Frobisher's view on this subject comes as a surprise, as there has been nothing in the preceding narrative that suggested he entertained such notions. While it's a nice plot point surprise, it also reflects a weakness in character consistency. Plot-driven stories are usually frustrating, but especially so when there are six mostly unconnected ones.

The next story is Silkwoodish & takes place in the seventies. Sixsmith is an aged scientist who discovers that a nuclear reactor being reacted in a small American community is actually a hazard to everyone, a secret that no one affiliated with the reactor wants to get out. Sixsmith is murdered as he is about to go public with his findings, but not before telling his secret to an intrepid reporter, LUISA REY (the reincarnated Frobisher) to whome he instantly feels a connection. Rey pursues the story, putting her own life in jeopardy to do so. She is finally aided by a would-be assassin who recalls how her father (a police officer) saved his life decades earlier and believes he owes it to the dead man to rescue his daughter. So we have karma and we have Luisa willing to forfeit her own life to save others (in keeping with what Ewing was prepared to do in the end) & we have Sixsmith, but other than that, there's no true connection between Luisa, Frobisher and Ewing -- oh, except for her comet birthmark and fascination with Frobisher's Sextet, which she's sure she heard somewhere before!

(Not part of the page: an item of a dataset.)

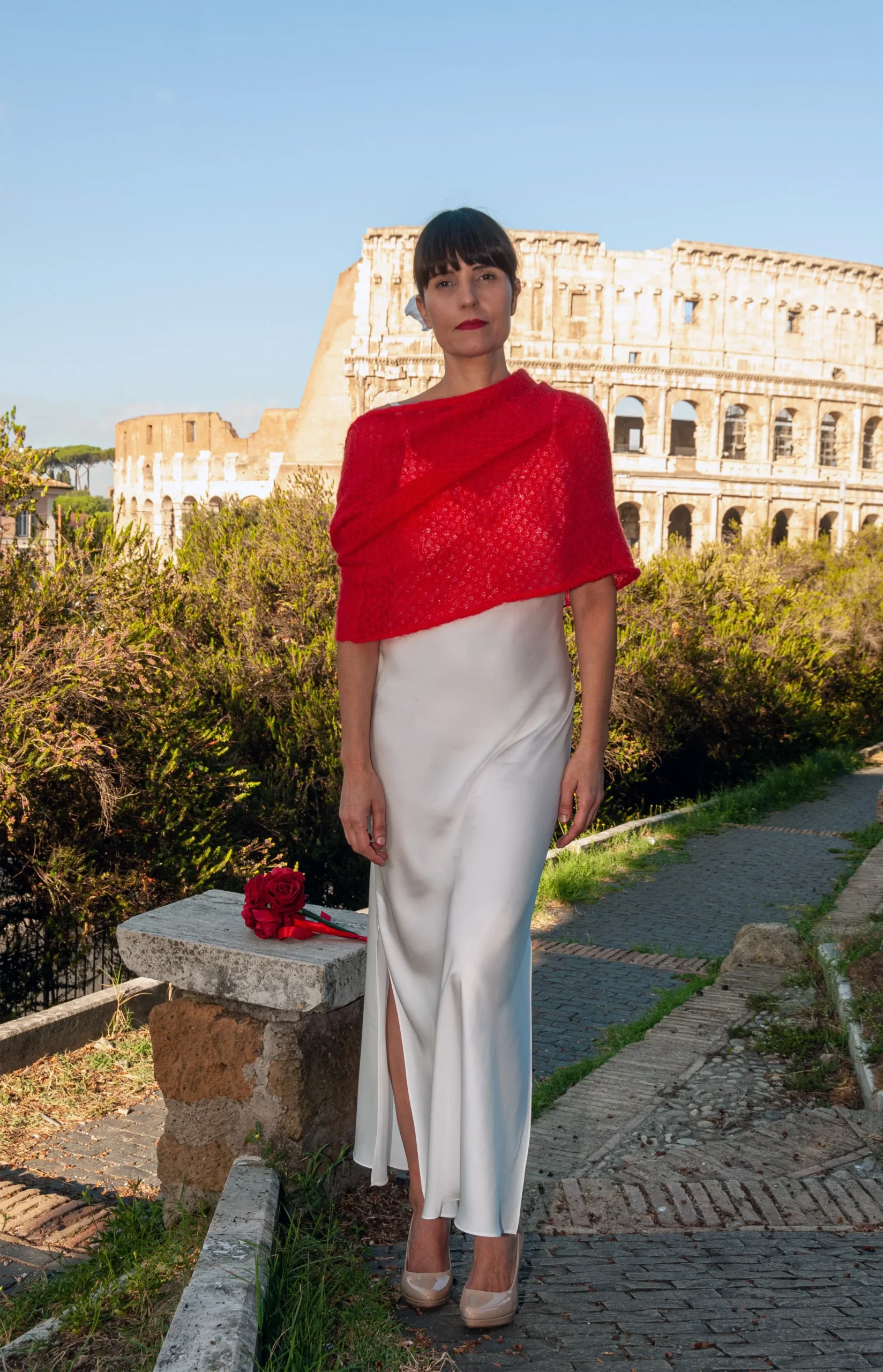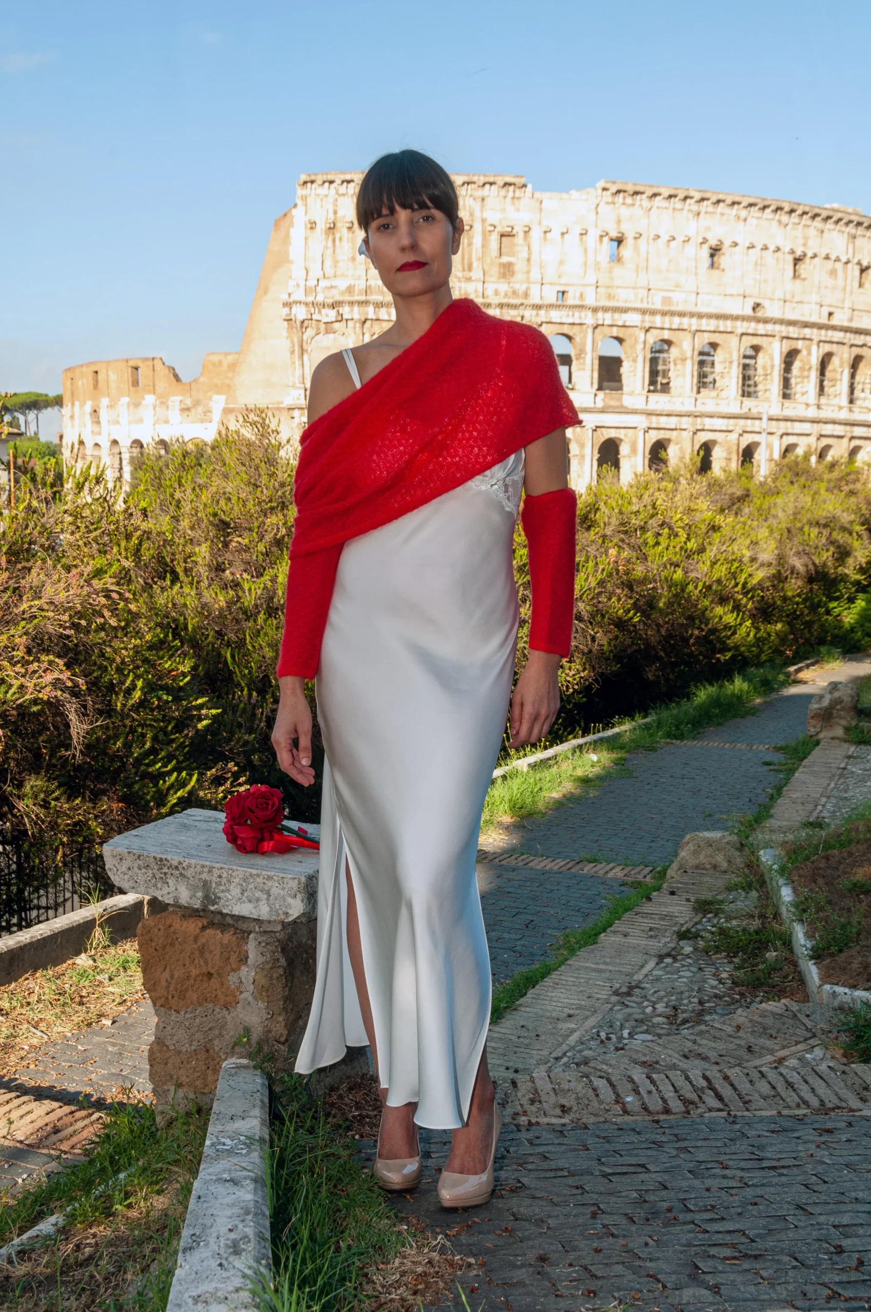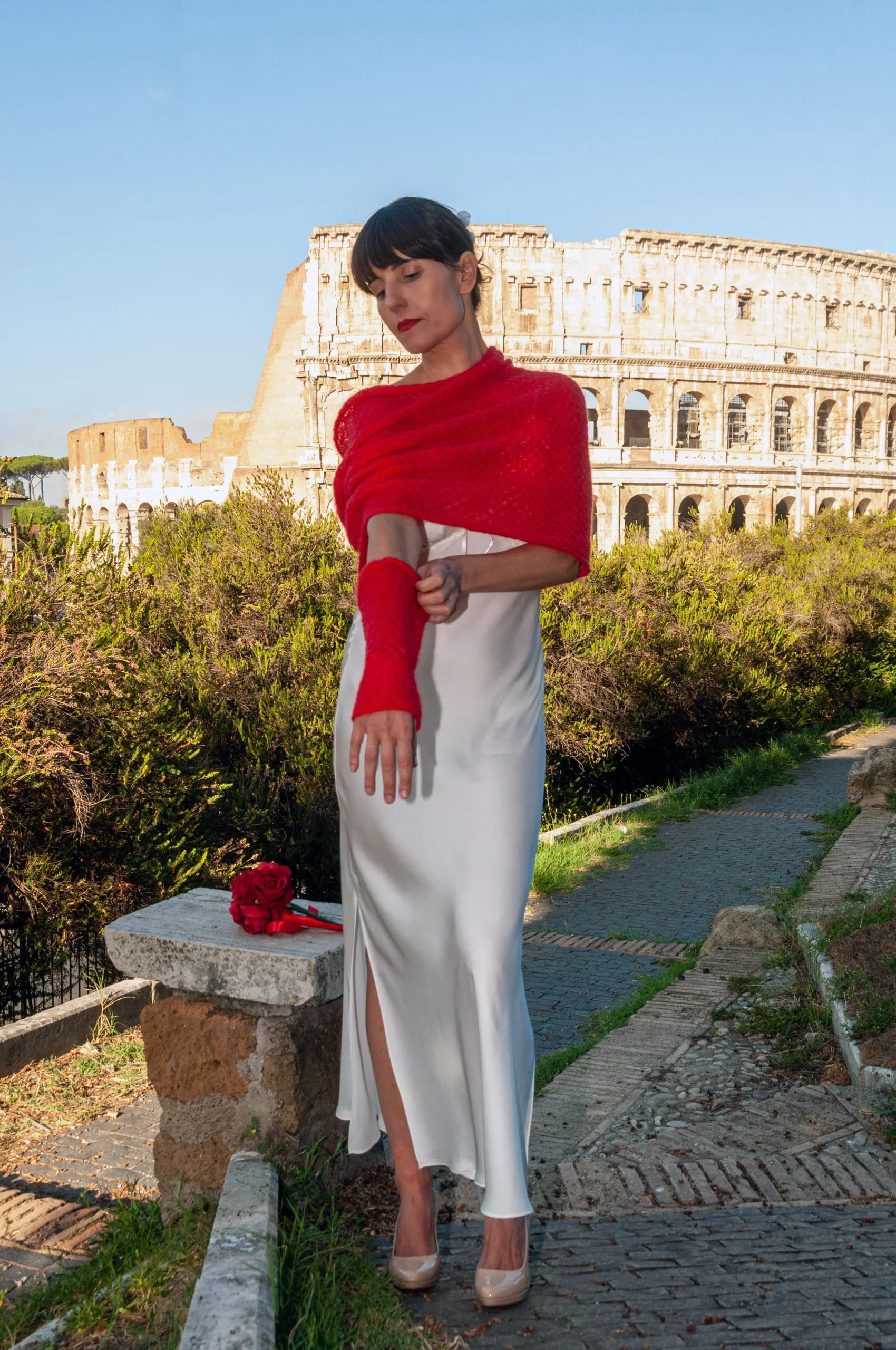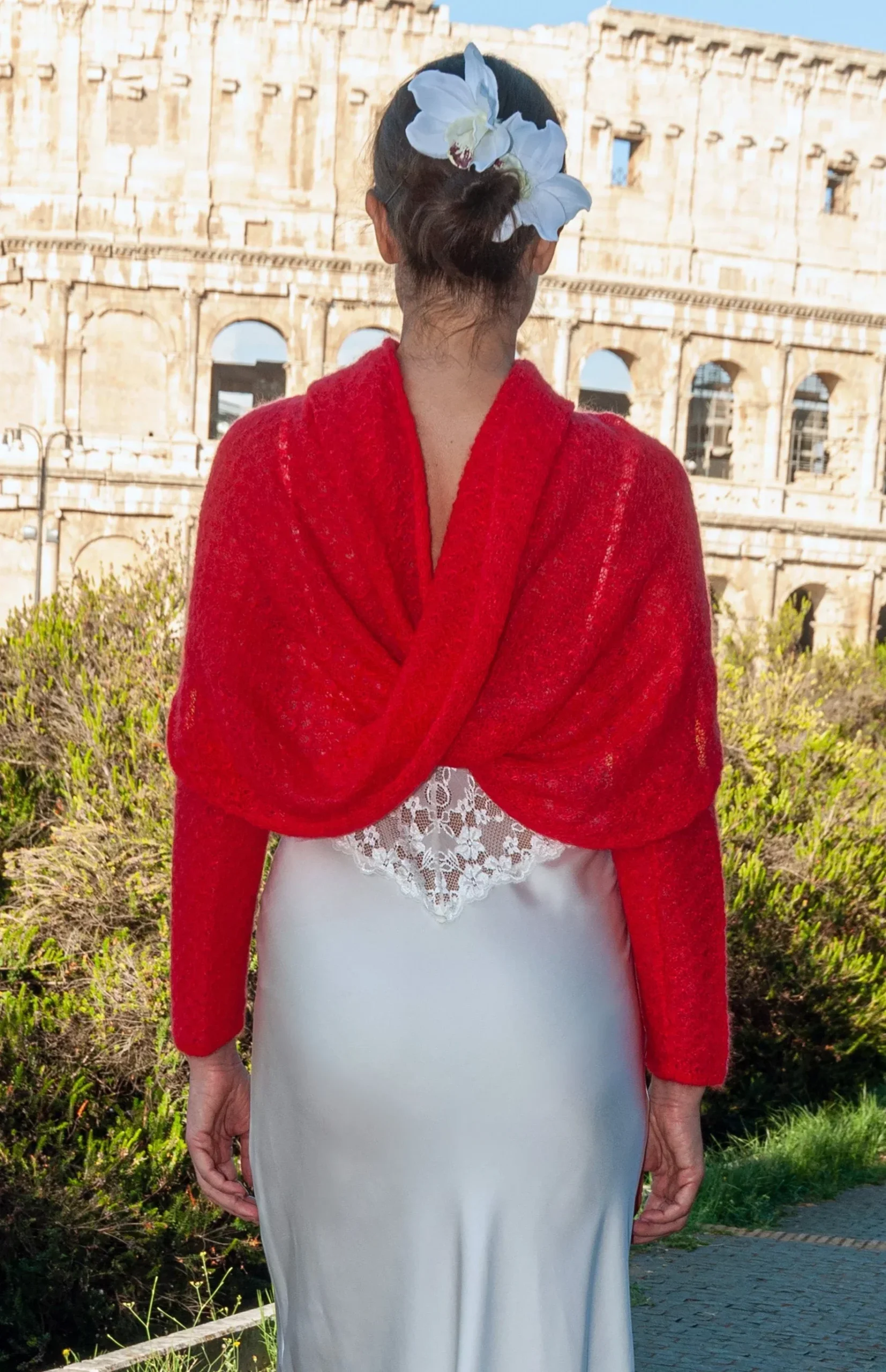 Coprispalle Sposa Mohair con manicotti Rosso

TIMOTHY CAVENDISH is next on board. He's a London book editor. He seems to be another reverted soul. Not only is he not saving others, as Luisa did, but he's vaguely racist, which Frobisher did not seem to be. Of course, no one said that Mitchell believed in the Buddhist theory of reincarnation where the soul rises to different levels of consciousness and higher thinking over time, until it finally graduates to Dalai Lama heights. But if you aren't carrying the wisdom of past lives with you into the new ones, what's the point of reincarnating at all?

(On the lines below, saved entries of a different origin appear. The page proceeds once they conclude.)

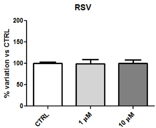 Cellular proliferation was tested using a colorimetric assay of 3-[4,5-dimethylthiazol-2-yl]-2,5-diphenyltetrazolium bromide (MTT). We seeded 2000 cells/well in a final volume of 200 μL growth medium in 96-well plates. After 24 h the cells were stimulated with or w/o the newly synthesized compounds for 24 h, or, where indicated, for 48 h. We tested seven new synthesized compounds together with RSV reference at different concentration (1, 10, 100 μM). All compounds were dissolved in DMSO and the experimental dilutions used were made using cellular growth medium. For this reason, the cells were also incubated for 24 h with the DMSO at the same concentration used for the compounds. Incubation was terminated by adding 20 μL of MTT solution (5 mg mL−1 in phosphate-buffered saline (PBS)) to each well, followed by incubation at 37 °C for 3 h in the dark. After, the plates were centrifuged at 2000 rpm for 15 min. The supernatant was removed, 200 μL dimethylsulfoxide (DMSO) was added to each well, and the plates were incubated for 30 min at 37 °C in the dark. Finally, the plates were read at 540 nm on a scanning multi-well spectrophotometer (Cary50MPR, Varian, Santa Clara, CA, USA) [53].
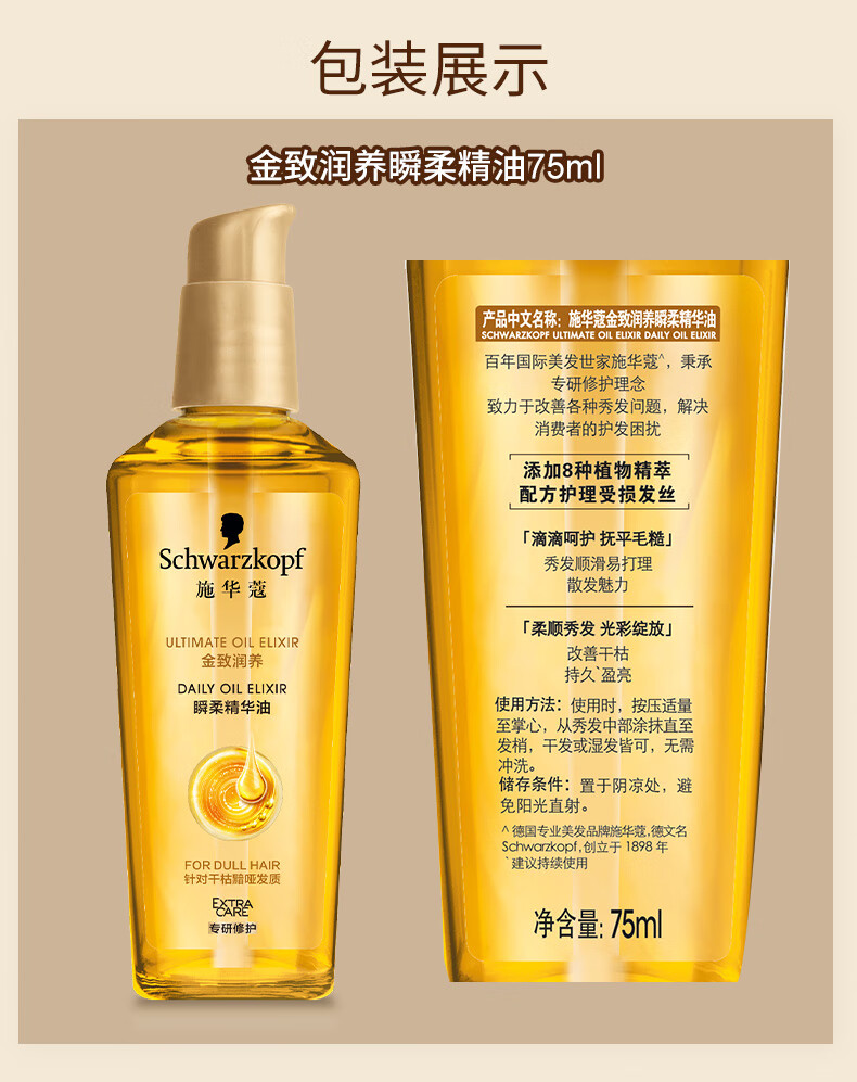 施华蔻(Schwarzkopf)金致润养瞬柔精油75ml(护发精油 免洗滋养 防毛躁 亮泽顺滑) 1356197
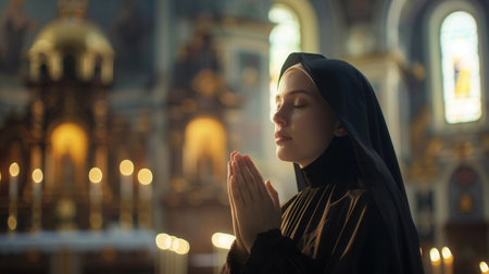A caucasian nun, wearing a black habit, is deep in prayer within a church. The portrait captures her serene expression and the devotional atmosphere.
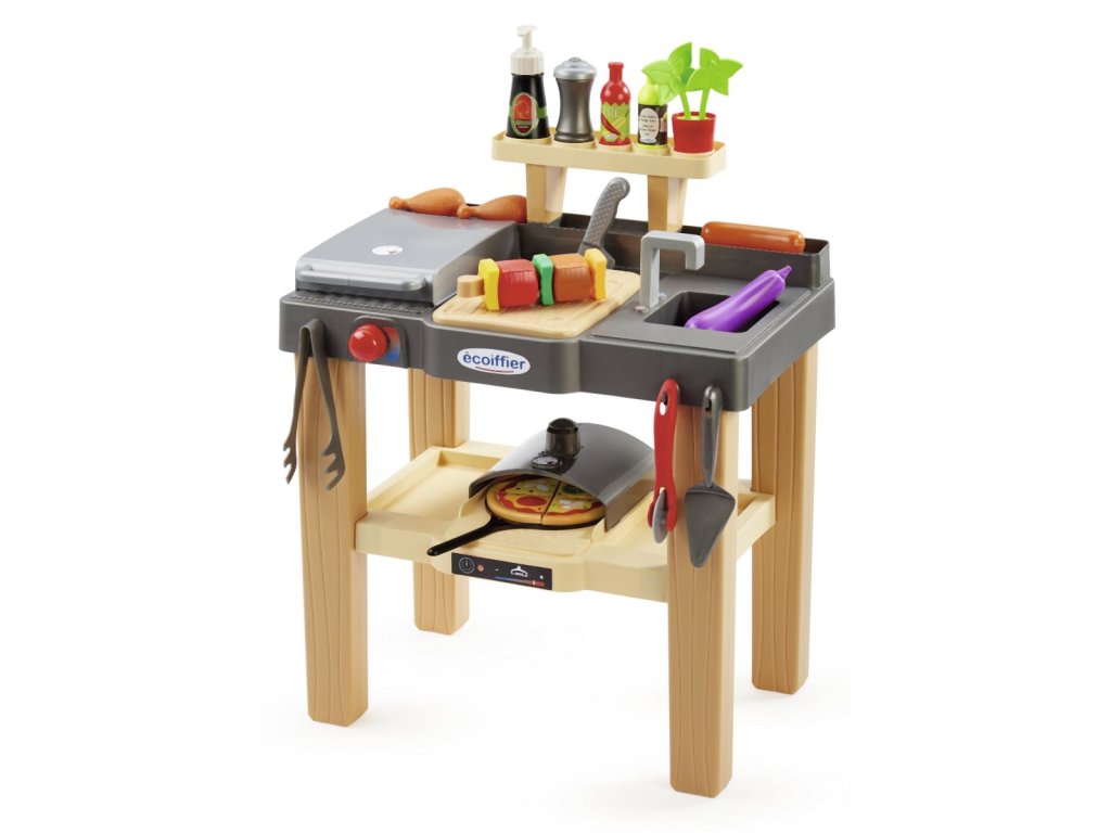 Letní zahradní kuchyňka s pecí na pizzu od Ecoiffier nabízí vše, co potřebují malí kuchaři. Tato kuchyně je vybavená pecí na pizzu, placha grilem, prkénkem a dřezem. Součástí je četné příslušenství a potraviny. Rozměry produktu (DxŠxV): 49 x 32 x 55 cm.

Cavendish's business is a failing one. One book comes across his desk, Half-Lives: The first Luisa Rey Mystery. Cavendish scoffs that the book contains a suggestion that Luisa Rey is Robert Frobisher reincarnated, but Cavendish writes that off as rubbish. After all, he also has a birthmark below his left armpit. So what? We aren't familiar with the book's writer, Hilary V. Hush (surely a pseudonym), nor are we advised of her connection to Luisa, but Luisa came into contact with mediums, new age spiritualists, maybe she reached the reincarnation conclusion herself, after we left her. His mild interest in Half-Lives is a recurring one but his story takes off when one of his writers is involved in a murder scandal, the sensationalism of which sparks book sales. With the writer himself dead, his heirs accuse Cavendish of pocketing money that should be theirs. They hire thugs to threaten him. His brother sends him to a "safe place" that turns out to be an old folks' home -- actually, prison. We never learn why his brother sends him there. At least we were told that Dr. Henry Goose's schemes against Ewing were mercenary, but why is Cavendish victimized? He had an affair with his brother's wife once, but is what happens to Timothy meant to be his brother's retribution? God's? David Mitchell's?

Traveling to what he expects to be his haven, Timothy encounters many mishaps. In between them, he is riding in a cab when he thinks the driver calls him "Zachary" he replies that that isn't his name (but will be the name of a friend of his, someday). The cabbie responds that he said "exactly," not "Zachary." I sustain a concussion being hit over the head by such heavy foreshadowing.


Once signed into the elder care facility, Cavendish is not allowed to leave. His cruel guards (the nurses, administrators and facility staff) use physical force to detain him, strapping him down, whipping him like a child, even drugging him. It's like a Cuckoo's Nest for the elderly and Cavendish has his own vengeful Nurse Ratched. Trapped there on Christmas, Cavendish sees a documentary on Ypres a once beautiful town subjected to war atrocities. He wishes he had appreciated the joys in life before they were all obscured by clouds. He should have mapped the clouds' location to make the pitfalls easier to recognize. "What wouldn't I give now for a never-changing map of the ever-constant ineffable? To possess, as it were, an atlas of clouds?"

Cavendish and 3 other inmates plan and execute a fumbling, funny escape. He uses the experience to write his own book, which becomes a bestseller and is made into a movie.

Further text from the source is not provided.